Given information
┌────────
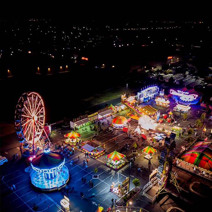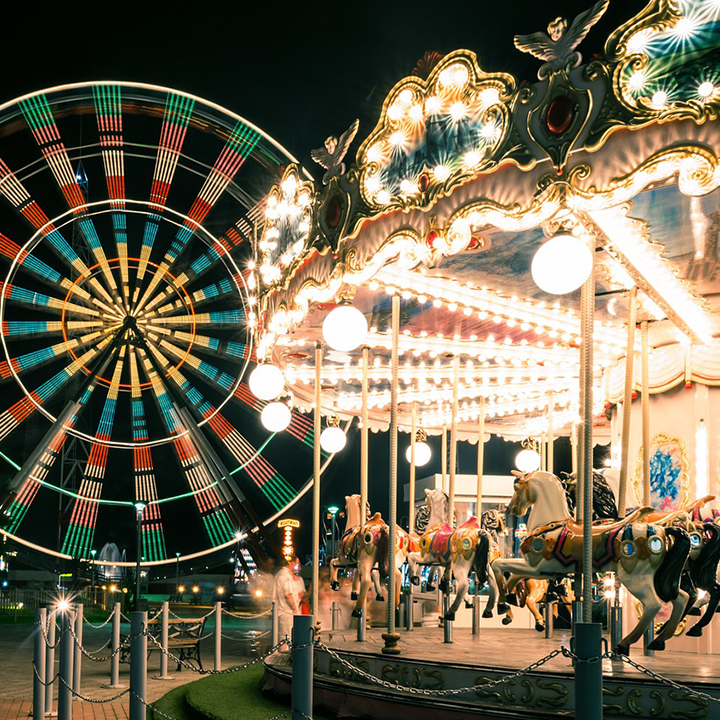어두운 밤하늘과 아름답게 돌아가는 회전목마
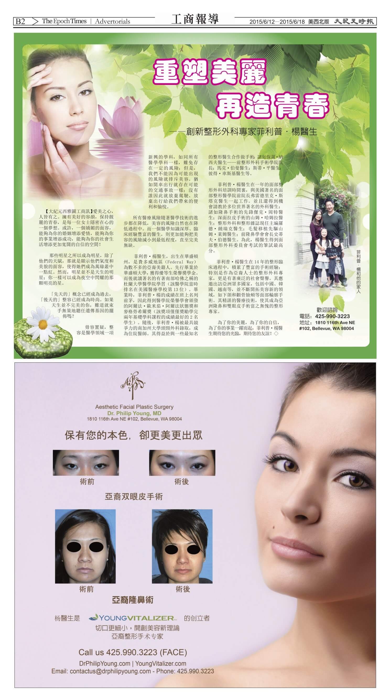 Dr. Philip Young M.D. Plastic Surgeon Article in the Cosmetic Surgery Times Read MoreBelow are some media that Dr. Philip Young has been featured in. Please contact us at any time to ask us about any of these pieces of advertising and media displays. We look forward to talking to you!
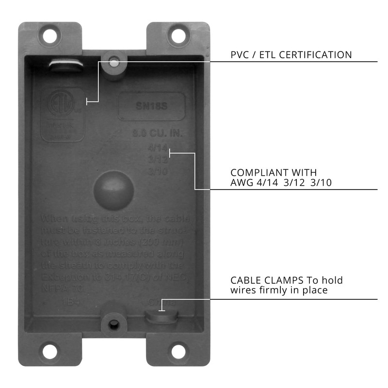 - 【Safety Certified: ETL Listed & Fire-Rated】:ETL-listed electrical outlet junction box. Fire-rated for 2hours single electrical outlet box with AWG 7/14, 6/12, 5/10 US wire standards.
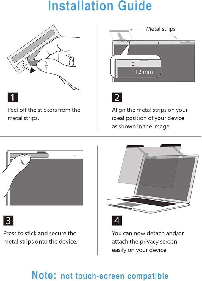 - 2.【Magnetic Removable Installation】:14 inch laptop privacy screen 16:10 filters are designed with a magnetic attachment. Simply attach the magnet to the top of your laptop and let the privacy screen protector attach to your computer screen.The 14 inch laptop screen protector avoids the damage that can be caused by using adhesives, and the screen can be easily removed and reinstalled whenever needed.
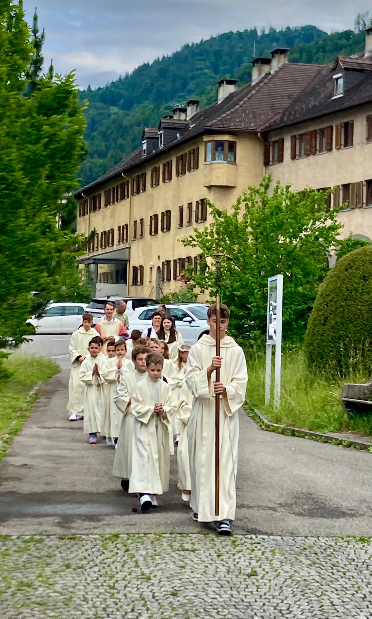 Kaplan Jakob feierte mit uns den Gottesdienst, den die Erstkommunionkinder musikalisch gestaltet haben. Begleitet von den Familien Rüdisser und Schwald sangen sie ihre Lieblingslieder.
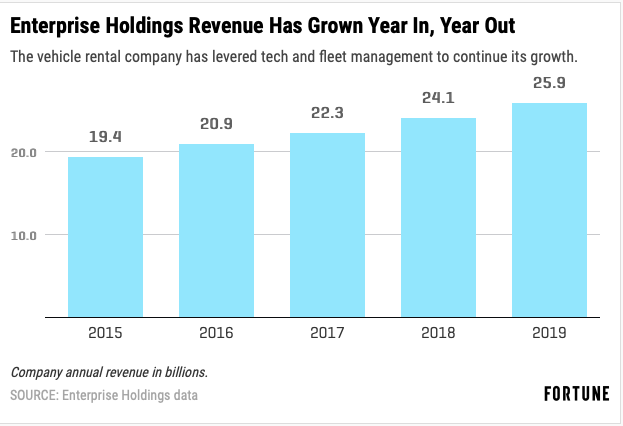 Enterprise, which owns its namesake brand along with National Car Rental, Alamo Rent A Car, and Enterprise Fleet Management, is by far the biggest car rental agency: its 2018 revenue came to $25.9 billion, almost three times that of Avis Budget or Hertz Global Holdings, which are similar in size.
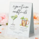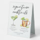 Ce bar mariage signature cocktails panneau de tente de table comprend une simple typographie noire au-dessus de 2 de vos boissons préférées et leurs ingrédients pour votre réception. Un dessin chic Margarita et Moscow Mule ajoute une touche ludique à votre menu bar. Complétez avec les noms du couple et la date de leur réception.
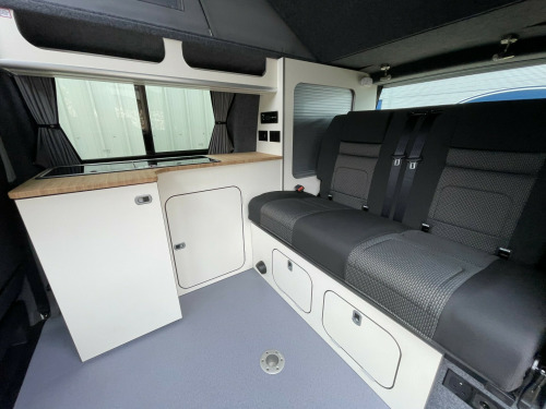 ** LIMITED EDITION **Quality at it's finest 5 speed 110 bhp High line conversion , with RIB Bed in the rear and two swivel seats in the Cab.Side kitchen with Sink , Hob and Fridge and storage to help.Reversing Camera , Folding Mirrors , Driving lights , LED headlamps...Don't miss out !!!!!!!! Call Now 01202 855531 Option 1 for Sales and Speak to the leading Vw Specialists in the South !!!!! '' We have attempted to make the above description as accurate as possible but please bear in mind that honest mistakes can happen so this description cannot form any part of any future contract. Some items fitted to models on display may be excluded from said contract' 0 bhp engine, battery charger, brand new conversion, curtains, exclusive 2 vwkc, fresh water tank, rib seat/bed, swivel cab seats, sub 5.0 meter van, sink, side running bars, reimo elevated roof with luxurious mattress, rear tailgate, rear park sensors, plgv (under 3.5t), leisure battery, isofix, heating, gas hob, fridge, elevating roof, apple car play, 4 seat belts, 240 mains & usb sockets, 2+2 berth, 'rib' bed system, 4 berth, alloy wheels, blinds, cab aircon, cruise control, euro 6, mains hookup, ulez compatible
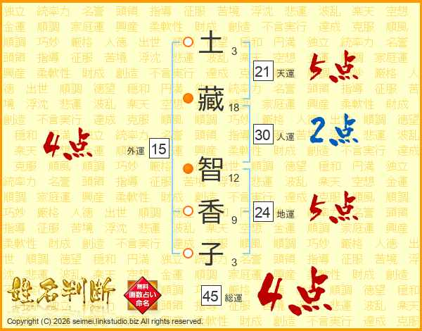 土(3画)藏(18画) 智(12画)香(9画)子(3画)
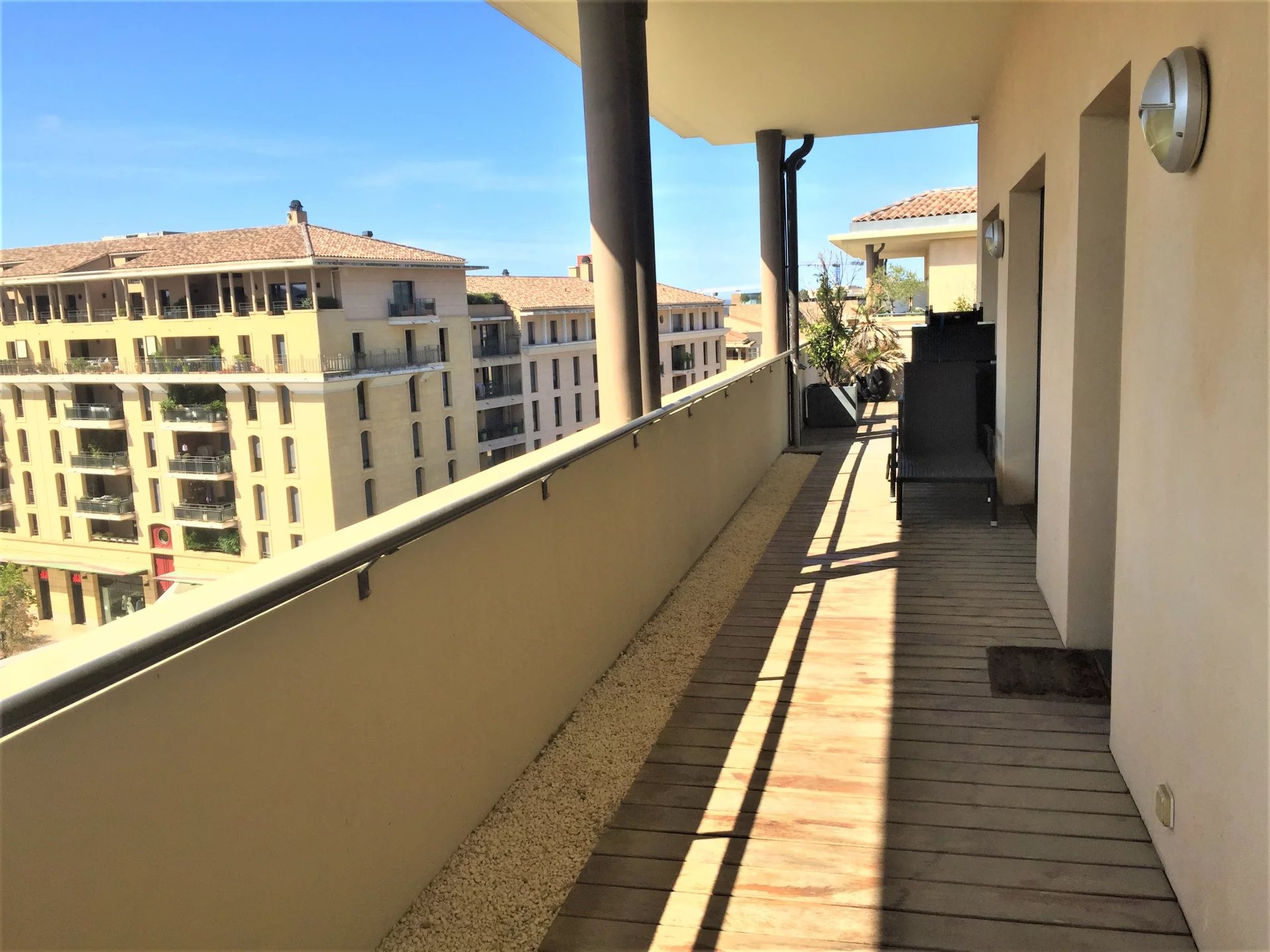 🏡 Le bien se compose : d'une entrée, d'un spacieux séjour avec cuisine équipée et aménagée, donnant sur une belle terrasse en L avec vue dégagée sur les Allées Provençales, de trois chambres dont une suite parentale avec sa salle de bain et son solarium, d'une salle d'eau et d'un WC séparé.
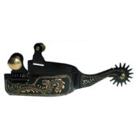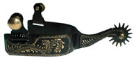 Černé ocelové show ostruhy s ručně rytým stříbrným zdobením. Kolečko s šestnácti paprsky.
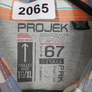 Pre-Owned Condition! 100% Cotton. Freestyle Orange, White, Blue Button Down Plaid Shirt with Black LOGO Buttons(spare attached).
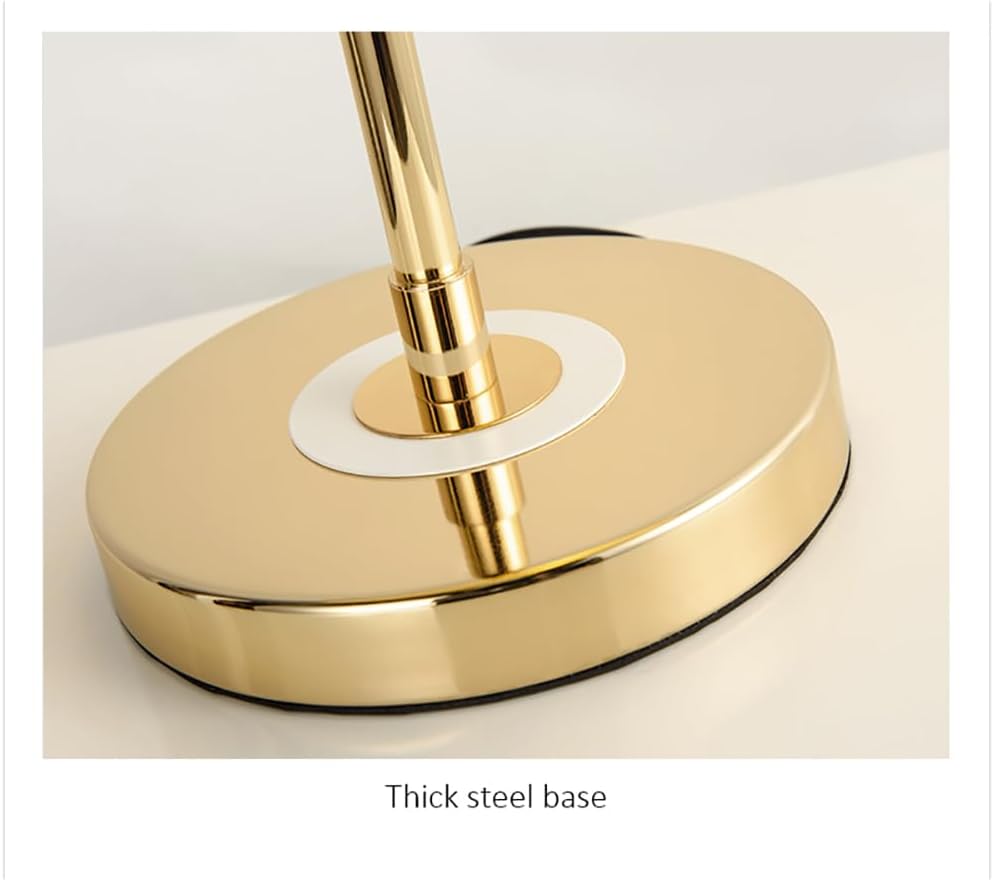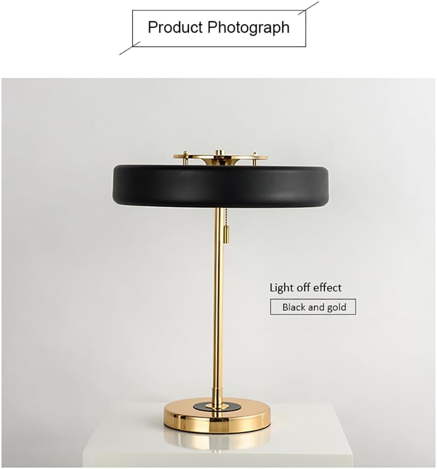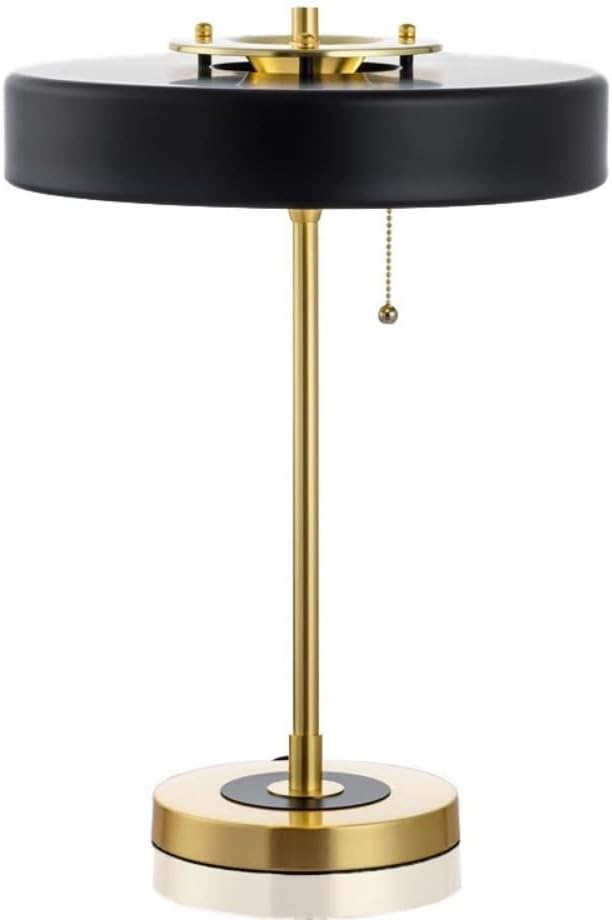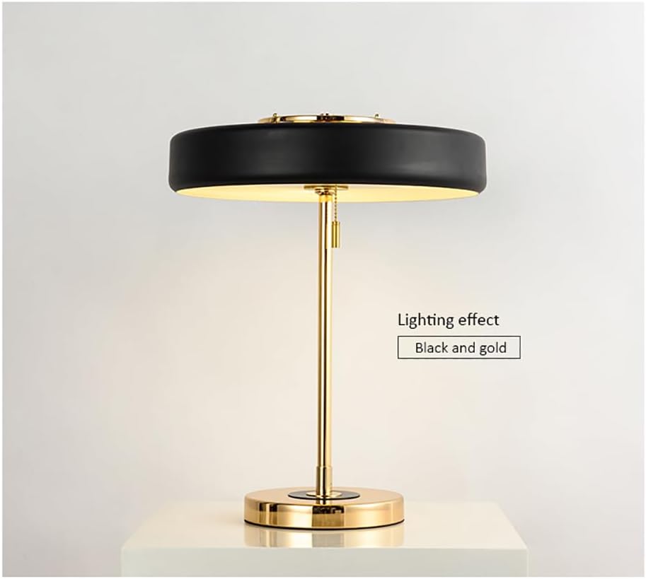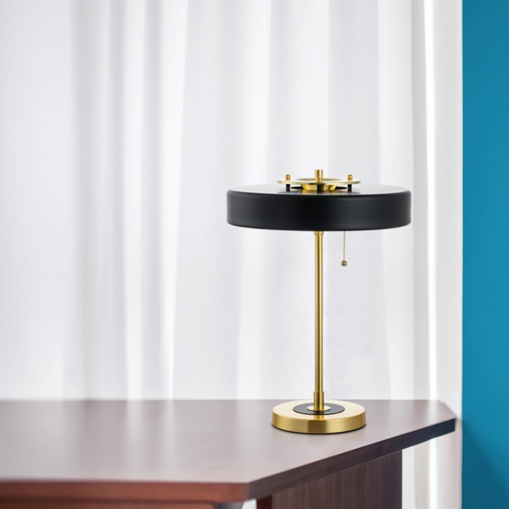 Stijlvolle retro tafellamp met gouden standaard en platte zwarte kap. Voorzien van trekschakelaar. Mid-century modern design dat een statement maakt in elk interieur. Hoogwaardige afwerking met oog voor detail.
└────────
Work request
The lines to set down run from the line with "- 2.【Magnetic Removable" up to and including the line with "Enterprise, which owns" in the entries above. Reproduce them exactly, with no pictures.

Finished task
 - 2.【Magnetic Removable Installation】:14 inch laptop privacy screen 16:10 filters are designed with a magnetic attachment. Simply attach the magnet to the top of your laptop and let the privacy screen protector attach to your computer screen.The 14 inch laptop screen protector avoids the damage that can be caused by using adhesives, and the screen can be easily removed and reinstalled whenever needed.
 Kaplan Jakob feierte mit uns den Gottesdienst, den die Erstkommunionkinder musikalisch gestaltet haben. Begleitet von den Familien Rüdisser und Schwald sangen sie ihre Lieblingslieder.
 Enterprise, which owns its namesake brand along with National Car Rental, Alamo Rent A Car, and Enterprise Fleet Management, is by far the biggest car rental agency: its 2018 revenue came to $25.9 billion, almost three times that of Avis Budget or Hertz Global Holdings, which are similar in size.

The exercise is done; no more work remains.